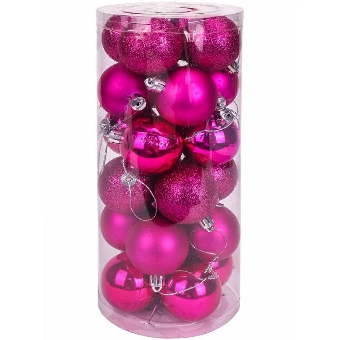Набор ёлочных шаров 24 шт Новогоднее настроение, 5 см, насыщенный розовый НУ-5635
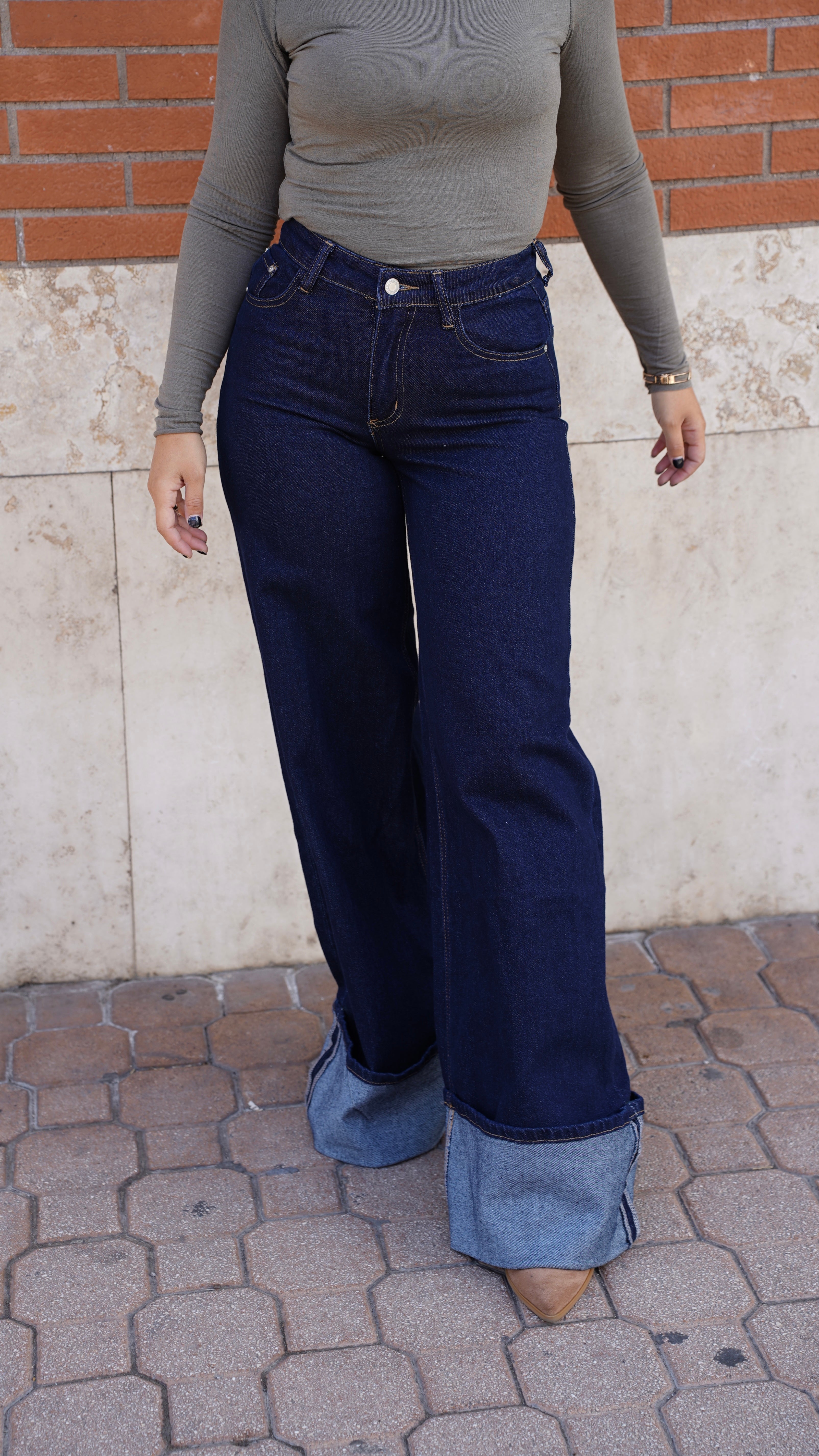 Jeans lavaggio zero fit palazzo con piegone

* * *

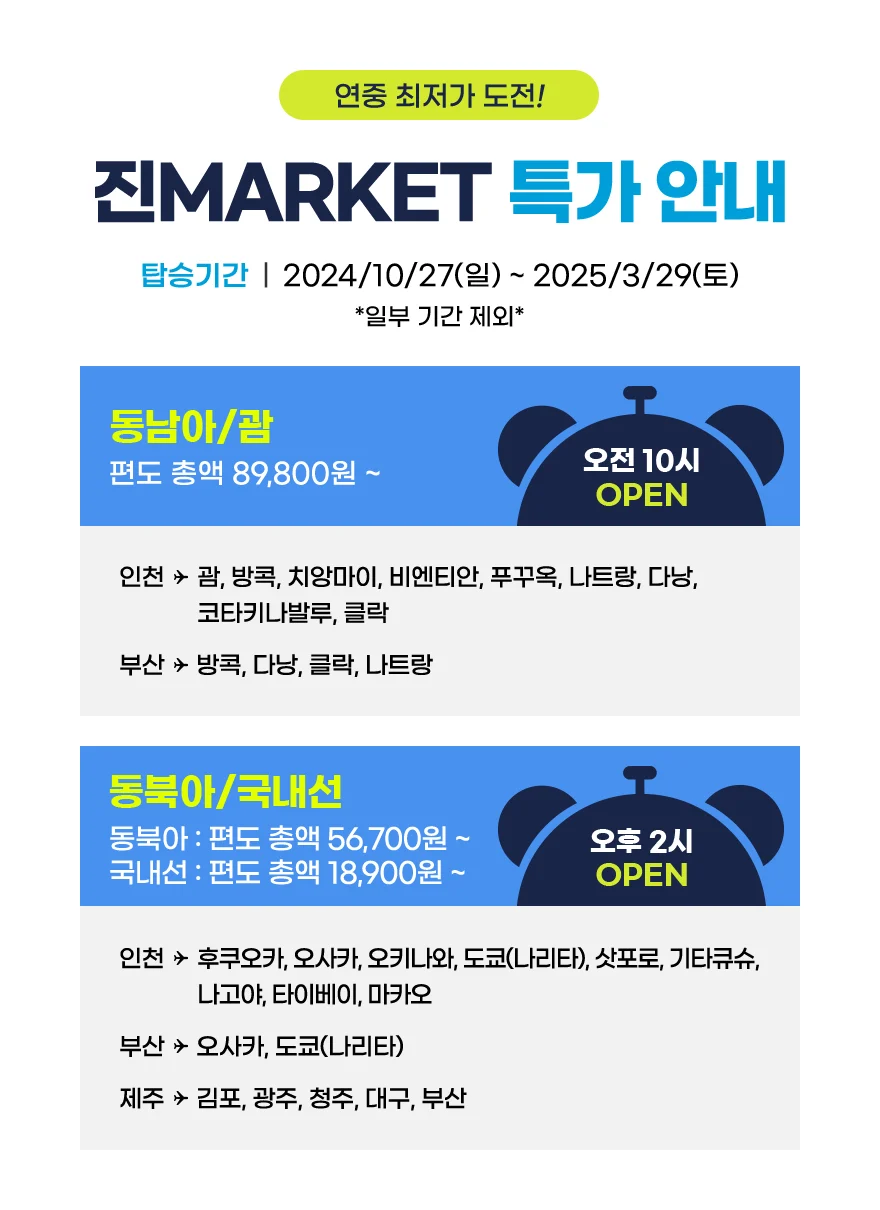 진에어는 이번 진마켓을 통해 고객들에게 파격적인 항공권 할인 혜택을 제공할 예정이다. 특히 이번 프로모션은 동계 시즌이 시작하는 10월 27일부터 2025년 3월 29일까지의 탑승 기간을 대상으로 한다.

...

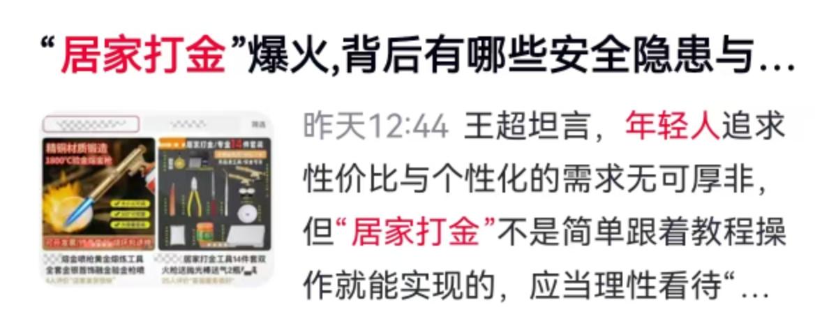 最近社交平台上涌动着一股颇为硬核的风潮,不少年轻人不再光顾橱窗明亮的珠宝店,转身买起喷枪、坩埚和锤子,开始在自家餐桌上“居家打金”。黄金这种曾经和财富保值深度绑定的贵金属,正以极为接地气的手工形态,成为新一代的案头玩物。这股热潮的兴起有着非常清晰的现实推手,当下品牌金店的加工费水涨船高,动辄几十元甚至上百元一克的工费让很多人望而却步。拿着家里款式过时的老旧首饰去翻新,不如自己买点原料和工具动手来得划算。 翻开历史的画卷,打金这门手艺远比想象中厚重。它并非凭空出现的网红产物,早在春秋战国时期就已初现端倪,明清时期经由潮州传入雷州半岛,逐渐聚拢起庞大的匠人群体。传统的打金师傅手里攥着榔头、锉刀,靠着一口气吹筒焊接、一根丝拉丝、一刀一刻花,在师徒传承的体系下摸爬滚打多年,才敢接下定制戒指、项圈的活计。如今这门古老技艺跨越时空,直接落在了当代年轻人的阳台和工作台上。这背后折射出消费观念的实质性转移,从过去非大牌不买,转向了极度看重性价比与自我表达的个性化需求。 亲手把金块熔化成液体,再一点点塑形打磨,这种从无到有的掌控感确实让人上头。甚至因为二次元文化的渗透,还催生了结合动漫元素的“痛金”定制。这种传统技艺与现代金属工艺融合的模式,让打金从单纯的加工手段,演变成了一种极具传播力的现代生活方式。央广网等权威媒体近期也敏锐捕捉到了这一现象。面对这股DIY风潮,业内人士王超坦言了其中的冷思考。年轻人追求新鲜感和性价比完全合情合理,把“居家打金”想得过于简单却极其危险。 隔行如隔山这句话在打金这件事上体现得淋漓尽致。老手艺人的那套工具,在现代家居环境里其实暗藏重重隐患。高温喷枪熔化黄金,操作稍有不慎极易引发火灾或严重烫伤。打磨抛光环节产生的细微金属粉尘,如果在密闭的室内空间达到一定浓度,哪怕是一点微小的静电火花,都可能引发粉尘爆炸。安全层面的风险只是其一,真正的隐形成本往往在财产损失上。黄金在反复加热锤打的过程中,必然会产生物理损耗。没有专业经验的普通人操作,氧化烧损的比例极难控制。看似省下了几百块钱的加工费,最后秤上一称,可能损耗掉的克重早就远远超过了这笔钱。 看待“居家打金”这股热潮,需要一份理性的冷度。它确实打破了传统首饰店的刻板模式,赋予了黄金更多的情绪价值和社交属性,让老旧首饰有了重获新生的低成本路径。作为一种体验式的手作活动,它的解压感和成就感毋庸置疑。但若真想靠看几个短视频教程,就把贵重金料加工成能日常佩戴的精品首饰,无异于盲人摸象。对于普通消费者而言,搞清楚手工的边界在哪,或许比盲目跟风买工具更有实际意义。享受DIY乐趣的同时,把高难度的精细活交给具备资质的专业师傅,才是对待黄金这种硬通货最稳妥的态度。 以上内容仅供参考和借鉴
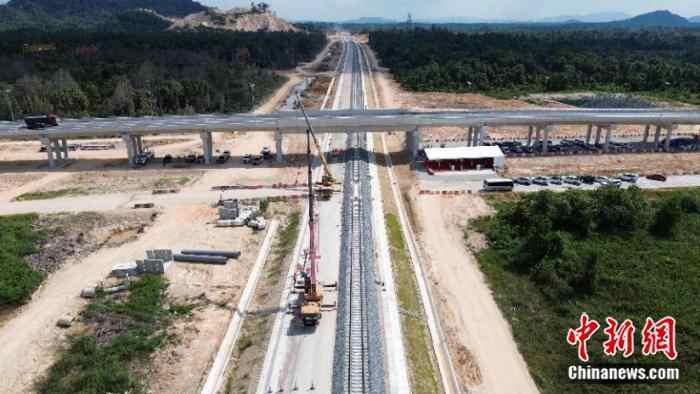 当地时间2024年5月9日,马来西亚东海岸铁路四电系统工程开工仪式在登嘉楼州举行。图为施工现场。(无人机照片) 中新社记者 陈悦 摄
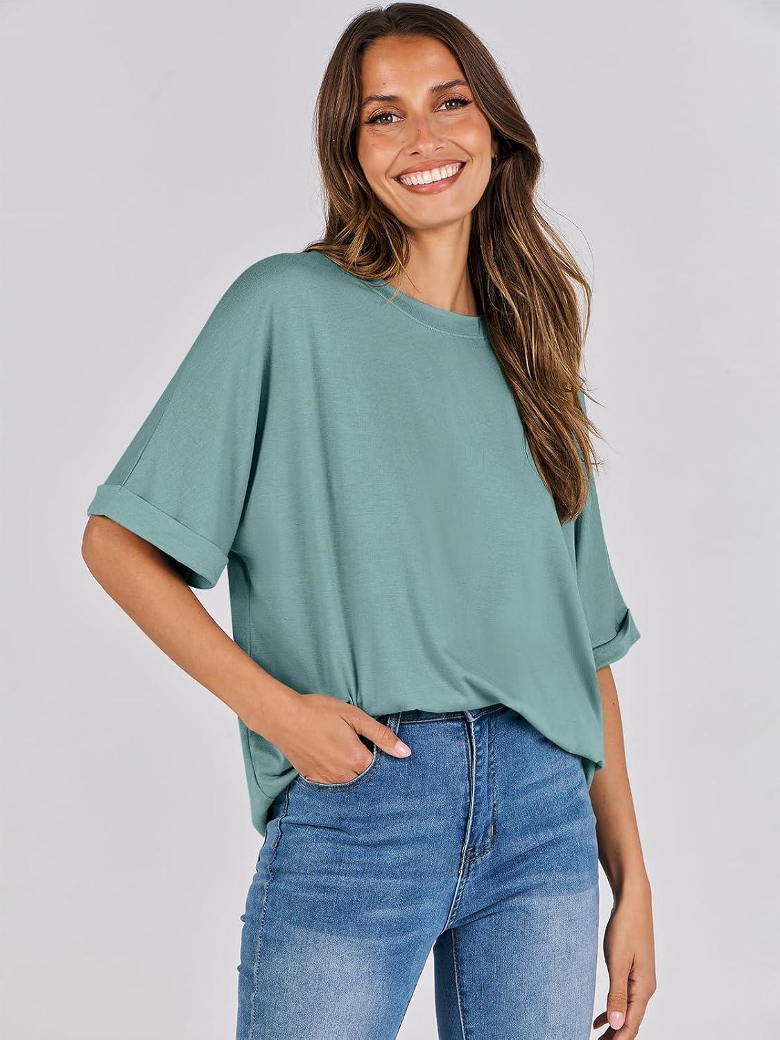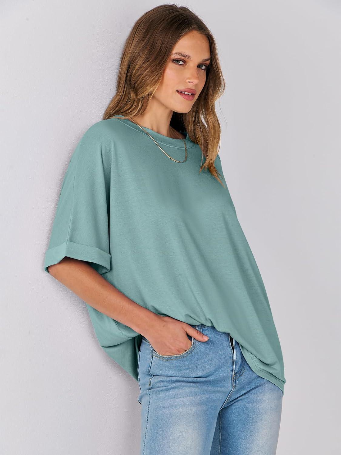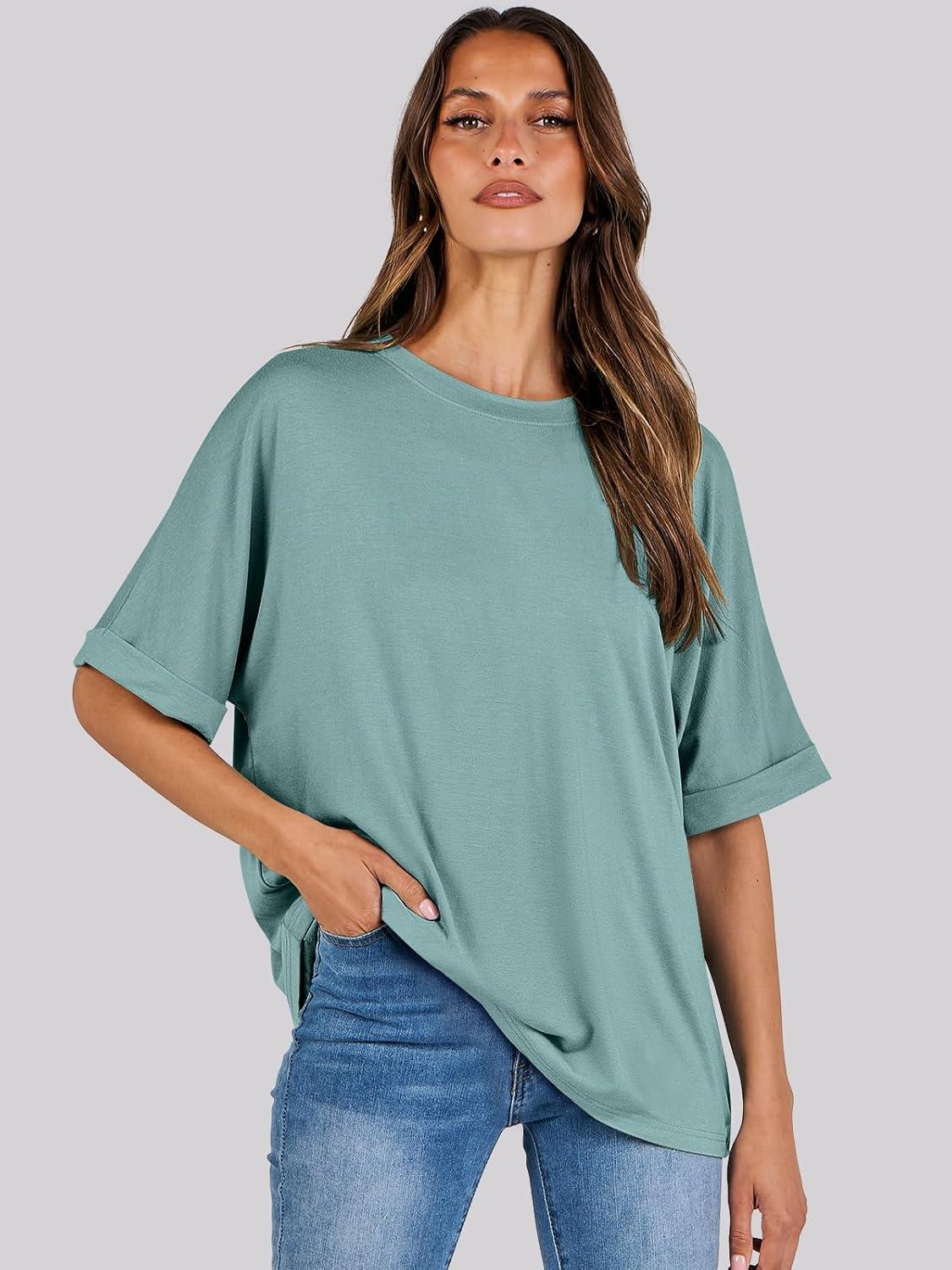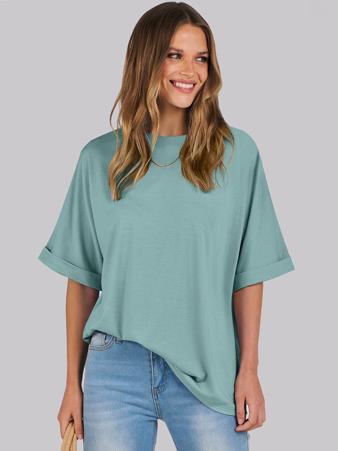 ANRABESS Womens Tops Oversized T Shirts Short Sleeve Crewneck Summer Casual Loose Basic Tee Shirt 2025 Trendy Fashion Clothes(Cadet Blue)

» Task objective
Above are the records. Copy word for word only their lines from the one holding "当地时间2024年5月9日,马来西亚东海岸铁路四电系统工程开工仪式在登嘉楼州举行。图为施工现场。(无人机照片) 中新社记者 陈悦" through the one holding "ANRABESS Womens Tops", both included, and skip the images.

» Completed exercise
 当地时间2024年5月9日,马来西亚东海岸铁路四电系统工程开工仪式在登嘉楼州举行。图为施工现场。(无人机照片) 中新社记者 陈悦 摄
 ANRABESS Womens Tops Oversized T Shirts Short Sleeve Crewneck Summer Casual Loose Basic Tee Shirt 2025 Trendy Fashion Clothes(Cadet Blue)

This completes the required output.